The best fit trend line is extended till it intersects the EOR and ER threshold (Figure 3D). A 95% confidence interval is adopted to measure the uncertainty around the prediction. A continuous prediction of RUL reported by the Soft Sensor guides the operator to a plan changeover accordingly. In the absence of an RUL predictor, operator tends to opt for an early changeover, incurring unnecessary financial loss.
FEATURES: AUTOMATION, VISUALIZATION AND SCALABILITY
To ensure that the Soft Sensor model is accessible to a wide range of users with and without an analytics background, an intuitive frontend is designed to enhance user experience (Figure 4).
The interface is developed to serve multiple users at a time and it offers an all-round evaluation of the degrading system. The HOME, DASHBOARD, RUN HISTORY, USER PORTAL provides the option to run the Soft Sensor module on the listed system and on the given latest input dataset and allows the user to download previous data/results. Role based login restricts user access to certain files related to module setup. The progression status of the current run of the Soft Sensor, any discrepancy in user provided information or run time error gets highlighted through an error message in the response window.
The developed product has a flexible framework to add new systems with ease. Simultaneously, the overall product and related I/O format are customizable based on user requirements. The Soft Sensor framework and the underlying technique have a broad spectrum of applicability. Although, the case study presented in this article provides information specific to a reboilers, the model can also be extended to other degrading systems like compressors, pumps, all types of process exchangers, and catalysts in catalytic reactors.
CONCLUSION:
The work presented in this paper encapsulates a general “Soft Sensor for fouling” framework that can be implemented to monitor fouling progression in inherently degrading systems.

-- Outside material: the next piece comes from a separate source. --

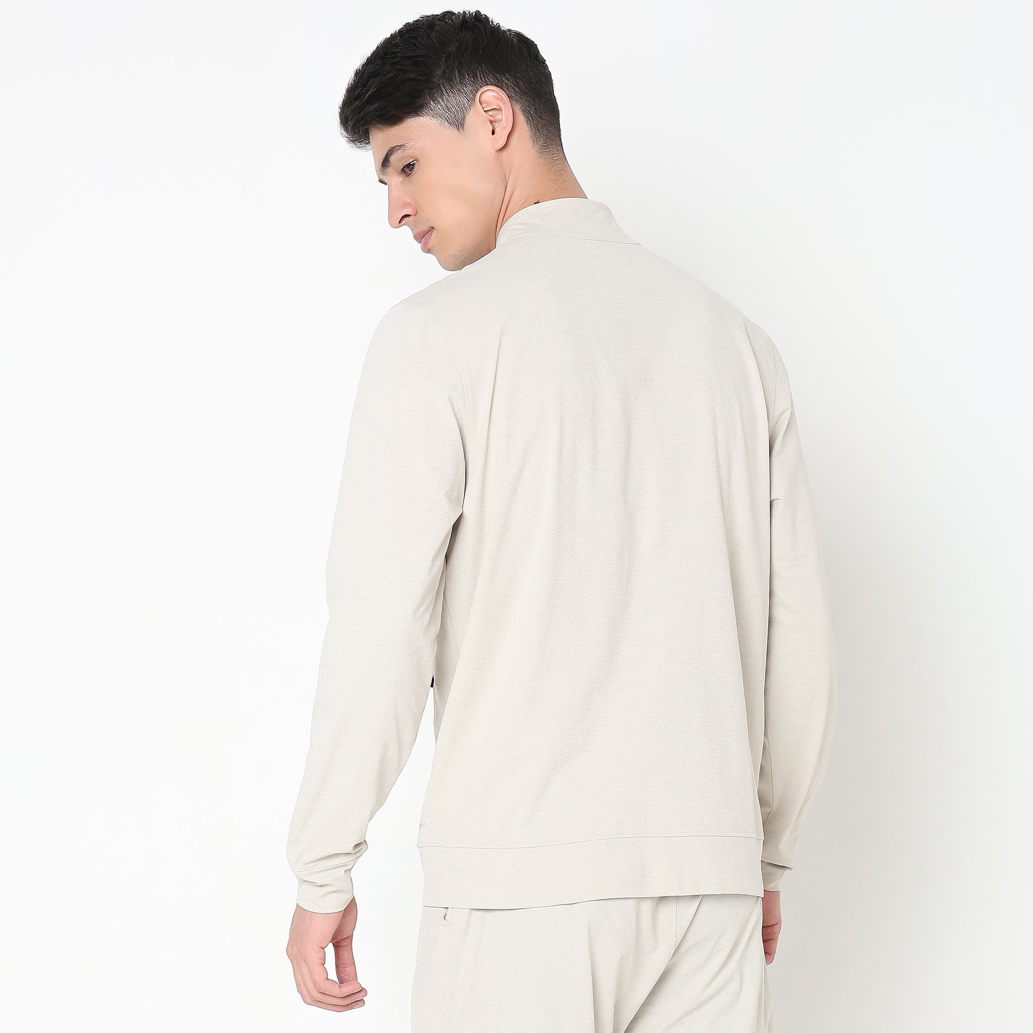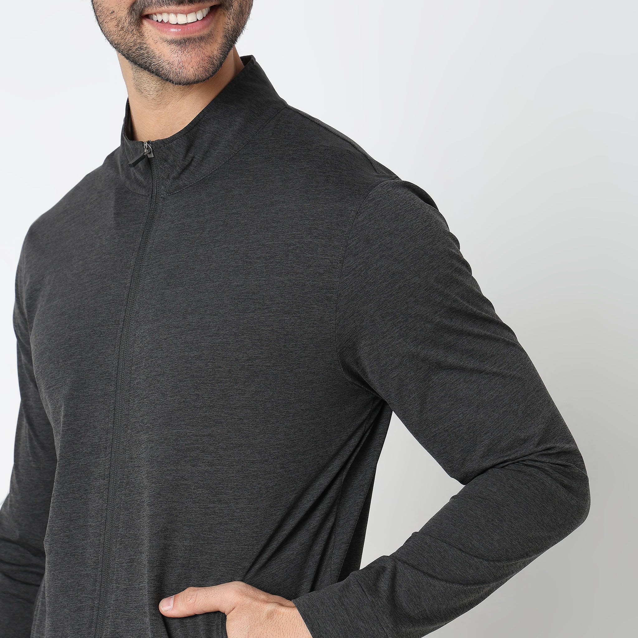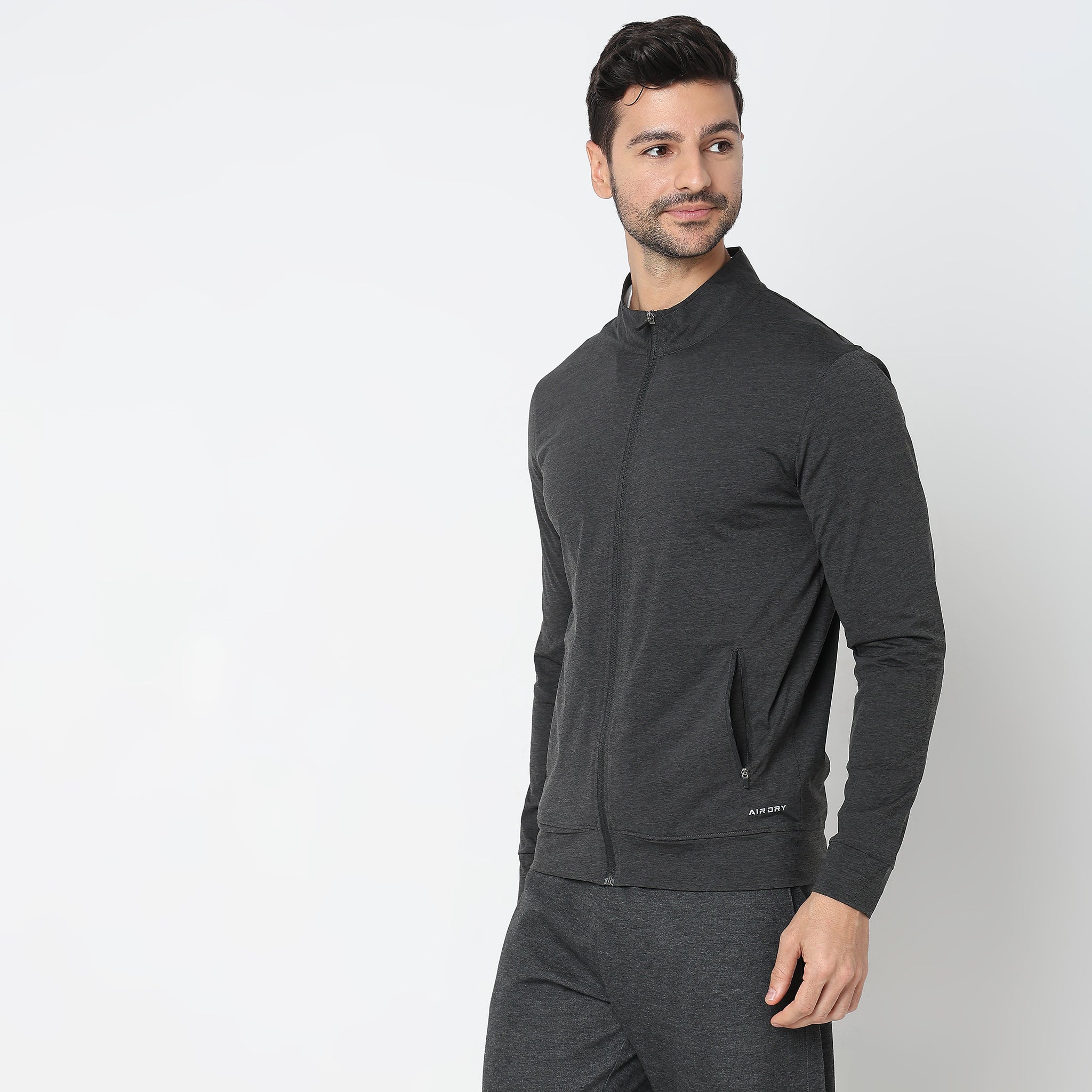 This modern activewear theme, solid pattern jacket has a high neck and full sleeve. Made from polyester, it is soft and comfortable to wear.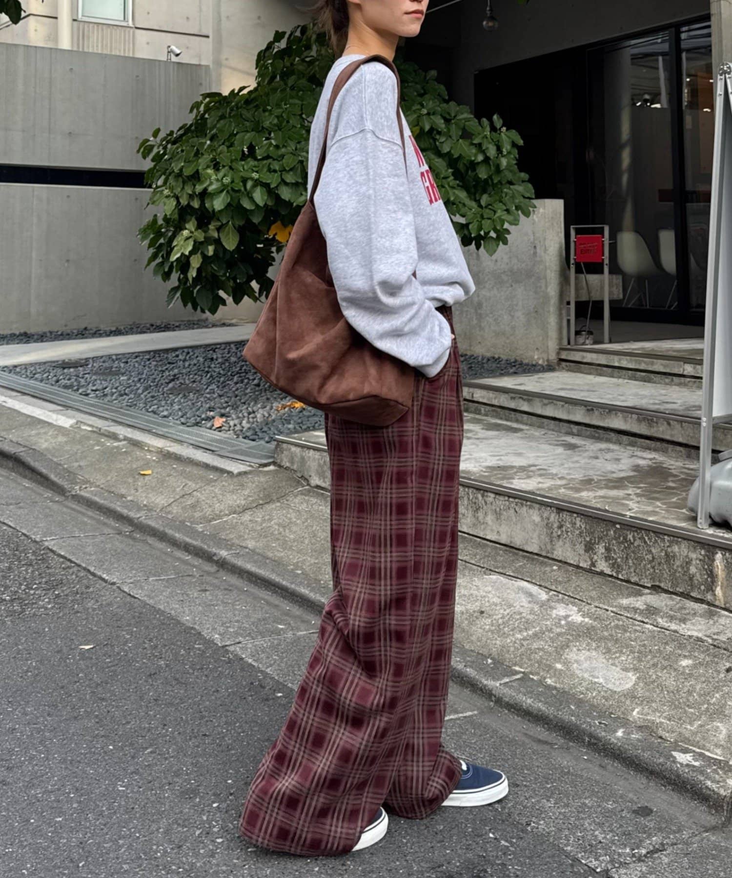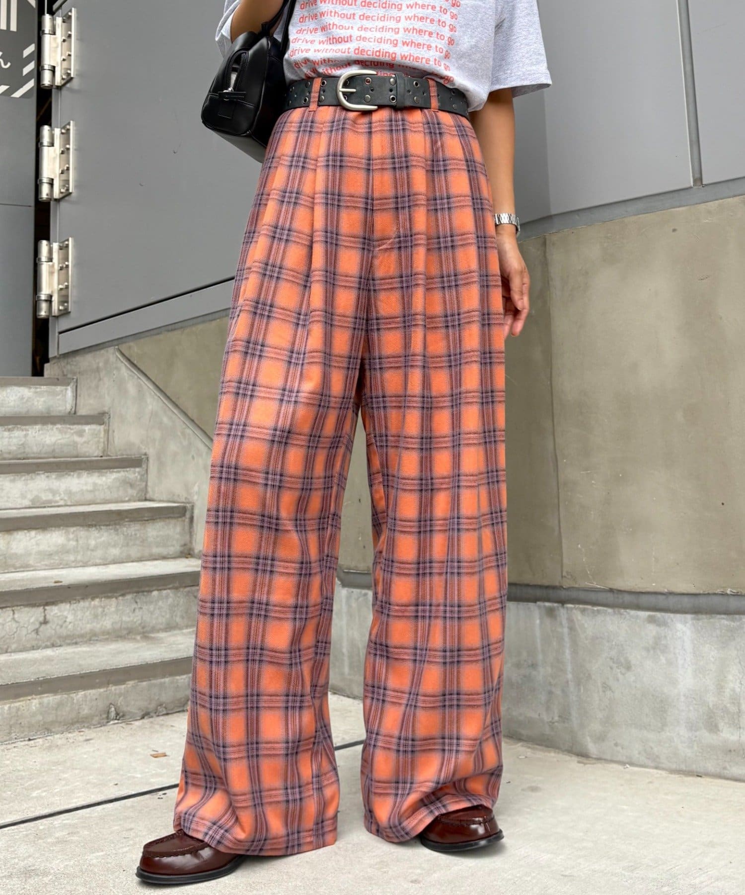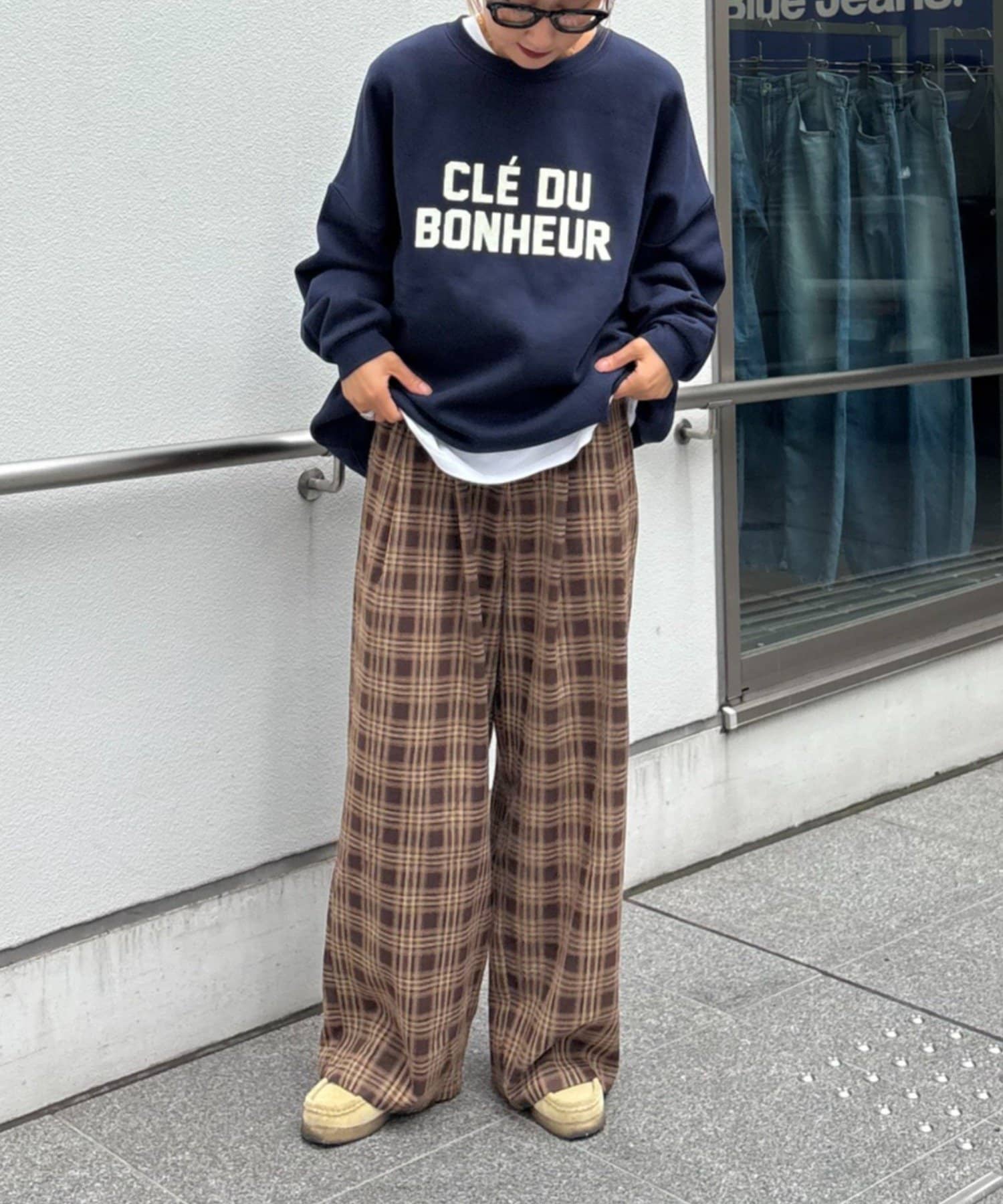 秋冬のスタイリングに取り入れたいオンブレチェックのワイドパンツ!

A concept of monotonic variable termed DOF is developed to capture fouling via multivariate linear/nonlinear regression. A multivariate outlook ensures that a fouling induced process shift is isolated from normal operation. The DOF, rate of DOF, DOF comparison (with previous runs), and RUL prediction provides an early fouling indication and run length estimation. An application of the same is presented using a reboiler changeover study, indicating early changeover in the absence of Soft Sensor guidance. At present the Soft Sensor framework has been successfully extended to multiple process systems including charged gas compressors, reboilers, and catalyst degradation. In order to progressively evolve Soft Sensor framework, the techniques underneath the framework are being refined with feedback from users and self-testing to increase its robustness. Similarly, common customization requirements from users are being absorbed into base product. Depending on the process complexities, alternate algorithms for model building and RUL prediction are being explored to improve accuracy, performance, and reliability of Soft Sensors.